I have seen this pattern again and again, in a number of Catholic settings.

This is only one element of the abuse crisis our church is undergoing right now, but I believe it’s a huge element and it needs to be addressed. We have called good evil and evil good. Suffering is not good. Because suffering is not good, the redemption of suffering is wondrously good. Because suffering is not good, the endurance of unavoidable suffering in union with Christ is heroic. But we can’t begin to understand these truths if we pretend that suffering itself is good.

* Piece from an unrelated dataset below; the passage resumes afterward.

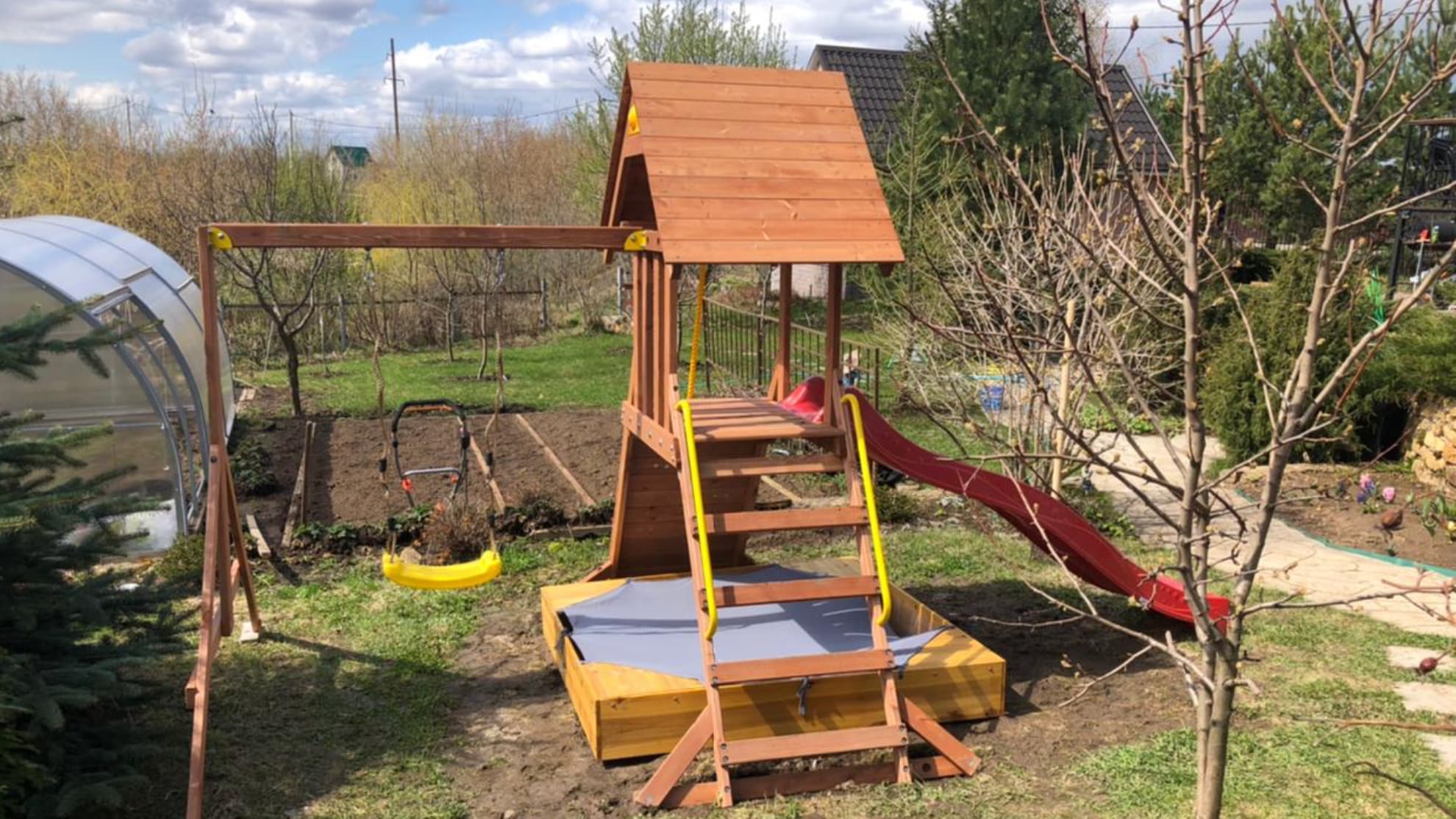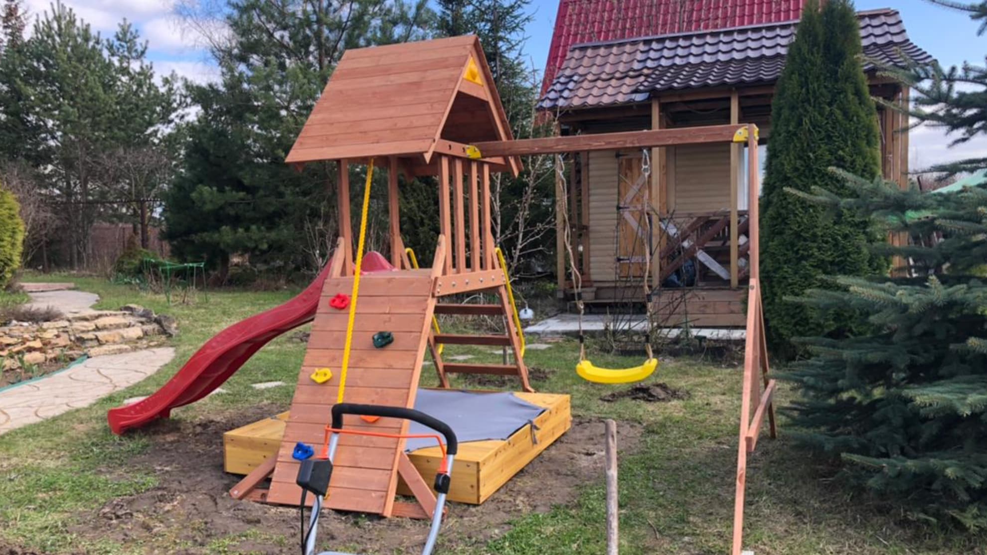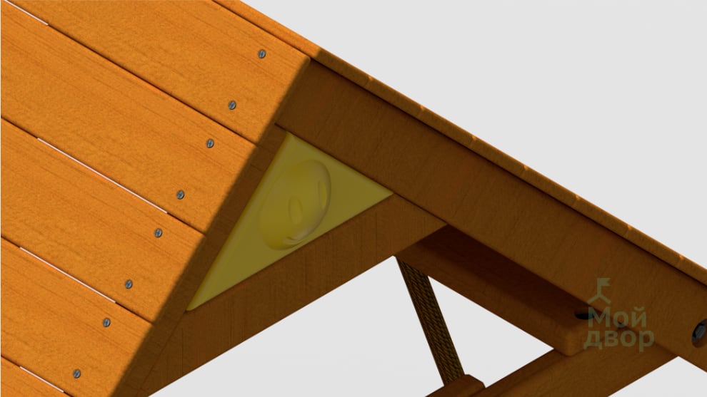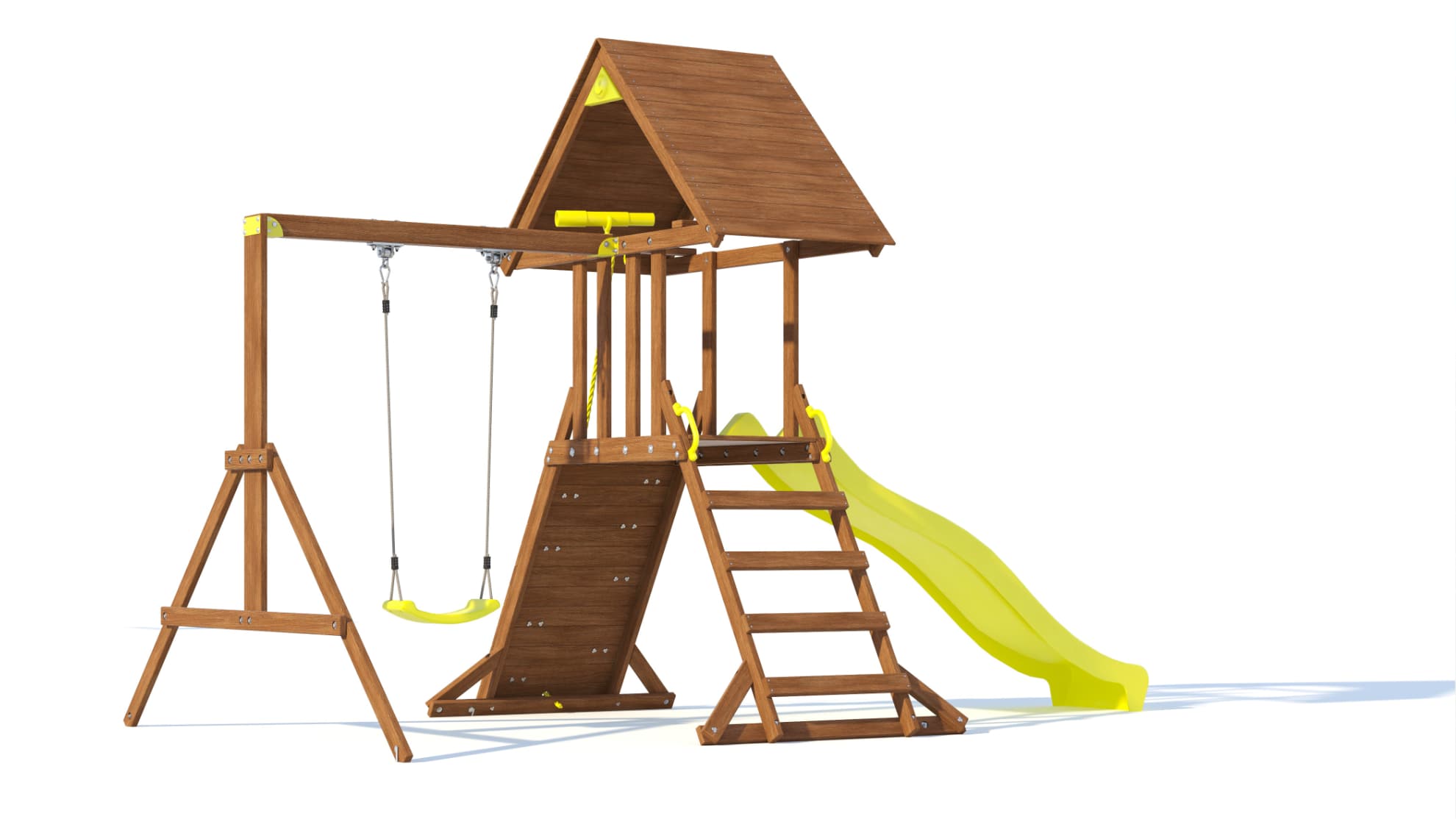 Спортивно-игровой комплекс изготовлен из цельной древесины сосны, тщательно просушенной и обработанной пропиткой против гниения и насекомых.

Suffering is bad. Deliberately causing suffering is a sin. And I think it’s also a particularly destructive sin to sell suffering people the lie that they’ve been given a blessing. What Christ wants you to do for a suffering person is what He did– go to them, befriend them,  heal them if you can. Bear their shame with them and speak out on their behalf.

If you are suffering right now, I’m very sorry. I hope you can find comfort in knowing that you are in Christ. But in any case, please don’t torment yourself with the added burden of imagining this is somehow a good thing.

You’re already suffering enough without that.